Reputation: 1364
I know basic MySQL querying, but I have no idea how to achieve an accurate and relevant search query.
My table look like this:
id | kanji
-------------
1 | 一子
2 | 一人子
3 | 一私人
4 | 一時
5 | 一時逃れ
I already have this query:
SELECT * FROM `definition` WHERE `kanji` LIKE '%一%'
The problem is that I want to order the results from the learnt characters, 一 being a required character for the results of this query.
Say, a user knows those characters: 人,子,時
Then, I want the results to be ordered that way:
id | kanji
-------------
2 | 一人子
1 | 一子
4 | 一時
3 | 一私人
5 | 一時逃れ
The result which matches the most learnt characters should be first. If possible, I'd like to show results that contain only learnt characters first, then a mix of learnt and unknown characters.
How do I do that?
Upvotes: 0
Views: 190
Reputation: 3953
Just a thought, but a text index may help, you can get a score back like this:
SELECT match(kanji) against ('your search' in natural language mode) as rank
FROM `definition` WHERE match(`kanji`) against ('your search' in natural language mode)
order by rank, length(kanji)
The trick is to index these terms (or words?) the right way. I think the general trick is to encapsulate each word with double quotes and make a space between each. This way the tokenizer will populate the index the way you want. Of course you would need to add/remove the quotes on the way in/out respectively.
Hope this doesn't bog you down.
Upvotes: 0
Reputation: 83411
Per your preference, ordering by number of unmatched characters (increasing), and then number of matched character (decreasing).
SELECT *,
(kanji LIKE '%人%')
+ (kanji LIKE '%子%')
+ (kanji LIKE '%時%') score
FROM kanji
ORDER BY CHAR_LENGTH(kanji) - score, score DESC
Or, the relational way to do it is to normalize.

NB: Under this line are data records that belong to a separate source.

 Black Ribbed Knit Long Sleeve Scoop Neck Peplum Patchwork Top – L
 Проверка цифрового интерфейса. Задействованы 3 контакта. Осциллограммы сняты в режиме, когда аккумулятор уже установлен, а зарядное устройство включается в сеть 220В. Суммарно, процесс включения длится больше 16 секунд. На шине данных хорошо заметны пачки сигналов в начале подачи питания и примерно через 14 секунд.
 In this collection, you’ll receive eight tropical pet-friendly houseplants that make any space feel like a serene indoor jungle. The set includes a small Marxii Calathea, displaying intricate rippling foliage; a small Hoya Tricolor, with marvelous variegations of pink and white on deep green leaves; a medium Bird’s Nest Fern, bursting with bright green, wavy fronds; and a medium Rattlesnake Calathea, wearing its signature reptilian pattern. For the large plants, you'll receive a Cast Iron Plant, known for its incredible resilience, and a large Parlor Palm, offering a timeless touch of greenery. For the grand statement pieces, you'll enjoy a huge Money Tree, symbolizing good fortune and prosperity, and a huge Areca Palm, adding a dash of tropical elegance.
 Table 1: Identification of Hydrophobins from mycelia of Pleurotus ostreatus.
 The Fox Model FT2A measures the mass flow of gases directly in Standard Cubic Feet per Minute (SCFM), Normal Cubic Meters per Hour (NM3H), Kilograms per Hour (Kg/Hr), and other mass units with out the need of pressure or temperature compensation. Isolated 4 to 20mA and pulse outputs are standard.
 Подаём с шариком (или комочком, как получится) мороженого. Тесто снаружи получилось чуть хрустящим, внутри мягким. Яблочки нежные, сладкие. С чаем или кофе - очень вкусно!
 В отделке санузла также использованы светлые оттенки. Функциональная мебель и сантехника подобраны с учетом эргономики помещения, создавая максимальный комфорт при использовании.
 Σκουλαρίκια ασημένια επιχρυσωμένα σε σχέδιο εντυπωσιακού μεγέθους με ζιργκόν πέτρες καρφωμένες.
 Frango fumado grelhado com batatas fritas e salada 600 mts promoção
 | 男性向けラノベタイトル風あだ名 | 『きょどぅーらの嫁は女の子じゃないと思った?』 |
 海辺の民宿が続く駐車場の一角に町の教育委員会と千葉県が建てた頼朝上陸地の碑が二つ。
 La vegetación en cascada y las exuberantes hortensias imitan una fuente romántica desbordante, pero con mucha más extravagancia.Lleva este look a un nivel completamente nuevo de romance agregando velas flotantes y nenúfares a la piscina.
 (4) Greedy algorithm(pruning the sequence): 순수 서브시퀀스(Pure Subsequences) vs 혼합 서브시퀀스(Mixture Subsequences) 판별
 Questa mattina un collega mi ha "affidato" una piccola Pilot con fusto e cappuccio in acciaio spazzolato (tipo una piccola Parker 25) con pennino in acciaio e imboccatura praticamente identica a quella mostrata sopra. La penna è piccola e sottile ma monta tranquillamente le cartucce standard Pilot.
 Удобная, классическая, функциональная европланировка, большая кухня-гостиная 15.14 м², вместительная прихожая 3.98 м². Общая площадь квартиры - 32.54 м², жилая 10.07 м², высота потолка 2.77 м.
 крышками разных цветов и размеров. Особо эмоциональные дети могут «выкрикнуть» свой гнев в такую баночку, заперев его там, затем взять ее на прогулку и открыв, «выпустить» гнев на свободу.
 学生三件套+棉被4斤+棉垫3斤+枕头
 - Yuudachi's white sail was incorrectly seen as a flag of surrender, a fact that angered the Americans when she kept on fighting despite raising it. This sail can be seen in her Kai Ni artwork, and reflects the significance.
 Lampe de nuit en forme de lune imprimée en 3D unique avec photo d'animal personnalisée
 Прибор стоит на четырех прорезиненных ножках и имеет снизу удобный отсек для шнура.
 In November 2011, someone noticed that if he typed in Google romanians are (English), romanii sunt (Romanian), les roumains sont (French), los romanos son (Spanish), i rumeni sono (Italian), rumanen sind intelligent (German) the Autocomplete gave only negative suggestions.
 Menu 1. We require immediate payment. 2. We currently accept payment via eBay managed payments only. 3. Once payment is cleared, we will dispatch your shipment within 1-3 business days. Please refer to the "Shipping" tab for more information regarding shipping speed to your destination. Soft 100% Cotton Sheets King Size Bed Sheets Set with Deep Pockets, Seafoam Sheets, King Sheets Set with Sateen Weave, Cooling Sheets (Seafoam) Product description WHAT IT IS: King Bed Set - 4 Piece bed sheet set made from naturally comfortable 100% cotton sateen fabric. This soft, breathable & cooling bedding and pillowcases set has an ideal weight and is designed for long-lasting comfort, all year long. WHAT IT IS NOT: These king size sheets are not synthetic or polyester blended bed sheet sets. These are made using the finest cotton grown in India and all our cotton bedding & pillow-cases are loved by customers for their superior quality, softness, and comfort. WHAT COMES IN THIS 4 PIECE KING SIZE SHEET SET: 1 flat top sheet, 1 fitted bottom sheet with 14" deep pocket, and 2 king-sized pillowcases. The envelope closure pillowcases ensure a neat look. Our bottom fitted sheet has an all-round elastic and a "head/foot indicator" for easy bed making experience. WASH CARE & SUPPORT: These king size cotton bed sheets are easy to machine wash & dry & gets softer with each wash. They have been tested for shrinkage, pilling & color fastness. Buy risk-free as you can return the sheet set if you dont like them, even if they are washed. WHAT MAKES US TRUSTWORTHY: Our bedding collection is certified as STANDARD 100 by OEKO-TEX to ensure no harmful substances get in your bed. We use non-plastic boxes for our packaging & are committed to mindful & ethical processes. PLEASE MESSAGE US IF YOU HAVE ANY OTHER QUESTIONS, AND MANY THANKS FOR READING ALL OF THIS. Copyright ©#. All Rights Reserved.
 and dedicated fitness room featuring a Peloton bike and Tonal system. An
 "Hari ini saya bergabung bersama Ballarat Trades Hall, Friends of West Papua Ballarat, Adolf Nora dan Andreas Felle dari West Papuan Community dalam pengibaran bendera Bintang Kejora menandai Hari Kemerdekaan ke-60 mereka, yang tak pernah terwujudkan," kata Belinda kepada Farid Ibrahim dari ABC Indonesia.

Create the table like this:
kanji_characters
kanji_id | index | character
----------------------------
1 | 0 | 一
1 | 1 | 子
2 | 0 | 一
2 | 1 | 人
2 | 2 | 子
...
Then
SELECT kanji_id,
COUNT(*) length,
SUM(CASE WHEN character IN ('人','子','時') THEN 1 END) score
FROM kanji_characters
WHERE index <> 0
AND kanji_id IN (SELECT kanji_id FROM kanji_characters WHERE index = 0 AND character = '一')
GROUP BY kanji_id
ORDER BY length - score, score DESC
Though you didn't specify what should be done in the case of duplicate characters. The two solutions above handle that differently.
Upvotes: 1